Task directions:
Starting with the line that includes "Під вигодою мається", write out every remaining line of the records below exactly as it appears, leaving out any images.

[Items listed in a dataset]
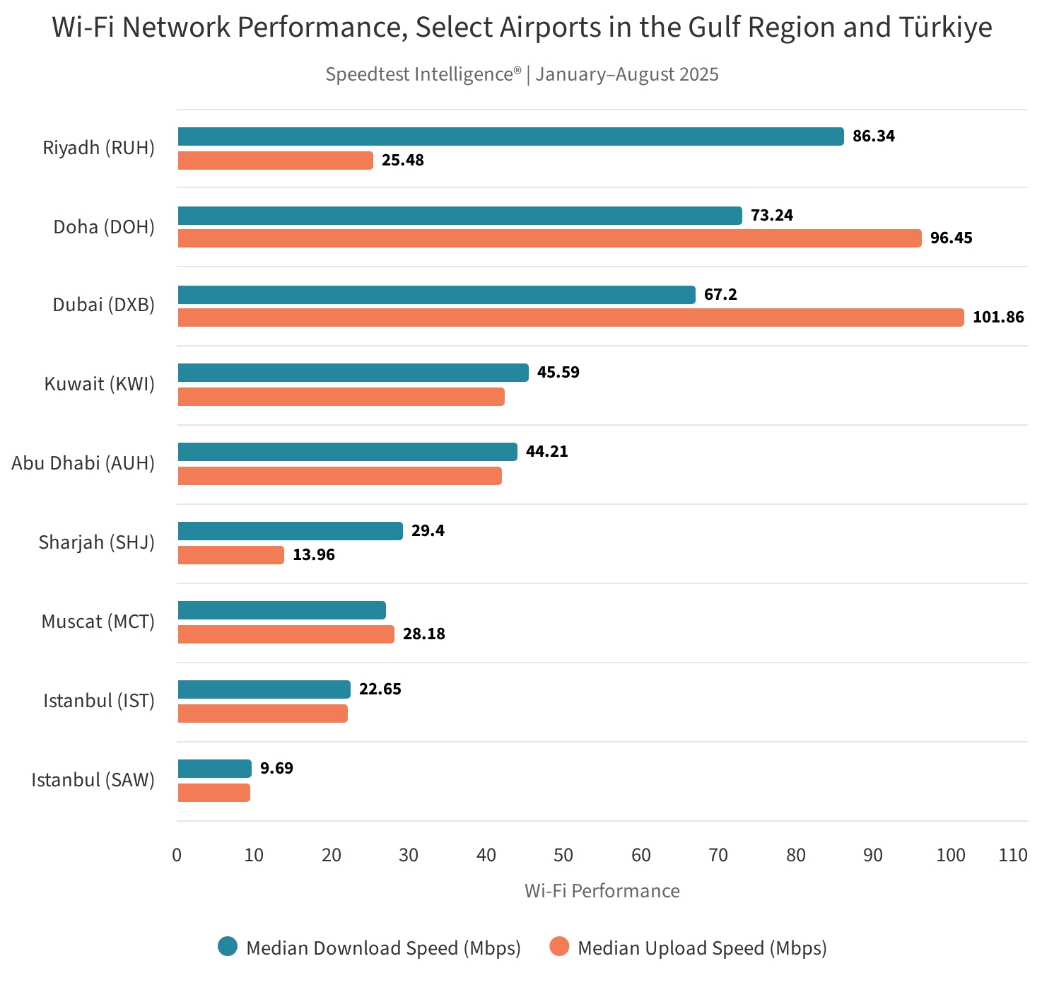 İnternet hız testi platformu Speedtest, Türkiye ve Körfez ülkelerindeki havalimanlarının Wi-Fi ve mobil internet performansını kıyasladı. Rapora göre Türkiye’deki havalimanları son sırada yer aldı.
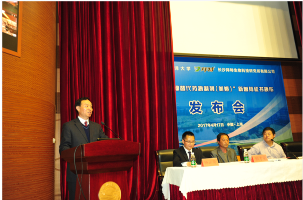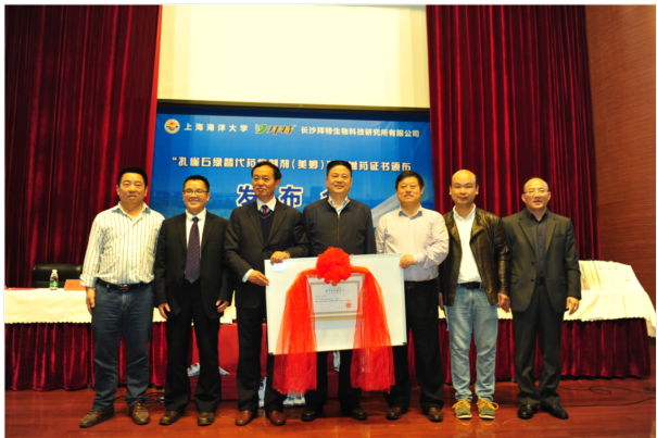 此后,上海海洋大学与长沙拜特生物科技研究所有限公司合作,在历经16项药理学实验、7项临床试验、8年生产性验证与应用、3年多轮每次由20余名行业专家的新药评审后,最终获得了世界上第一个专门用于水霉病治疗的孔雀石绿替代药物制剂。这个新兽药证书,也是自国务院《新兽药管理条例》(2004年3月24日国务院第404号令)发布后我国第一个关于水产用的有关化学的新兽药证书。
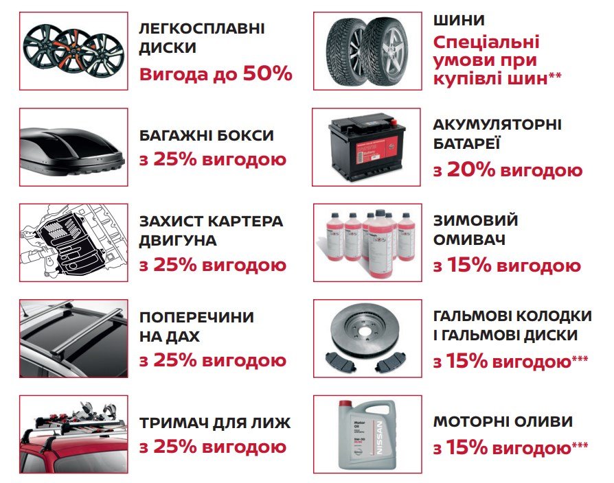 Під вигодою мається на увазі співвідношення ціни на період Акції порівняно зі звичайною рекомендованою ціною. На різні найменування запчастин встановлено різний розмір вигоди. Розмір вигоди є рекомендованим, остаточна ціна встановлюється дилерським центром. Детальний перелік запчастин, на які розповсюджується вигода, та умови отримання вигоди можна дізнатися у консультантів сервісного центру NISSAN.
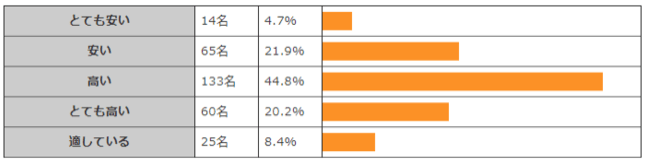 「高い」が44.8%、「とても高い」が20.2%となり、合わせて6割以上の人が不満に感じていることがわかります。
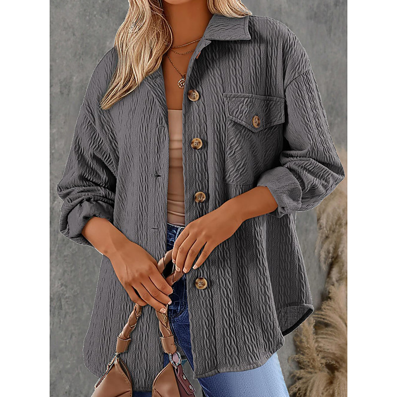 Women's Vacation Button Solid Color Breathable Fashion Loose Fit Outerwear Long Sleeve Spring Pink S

Result of this task:
 Під вигодою мається на увазі співвідношення ціни на період Акції порівняно зі звичайною рекомендованою ціною. На різні найменування запчастин встановлено різний розмір вигоди. Розмір вигоди є рекомендованим, остаточна ціна встановлюється дилерським центром. Детальний перелік запчастин, на які розповсюджується вигода, та умови отримання вигоди можна дізнатися у консультантів сервісного центру NISSAN.
 「高い」が44.8%、「とても高い」が20.2%となり、合わせて6割以上の人が不満に感じていることがわかります。
 Women's Vacation Button Solid Color Breathable Fashion Loose Fit Outerwear Long Sleeve Spring Pink S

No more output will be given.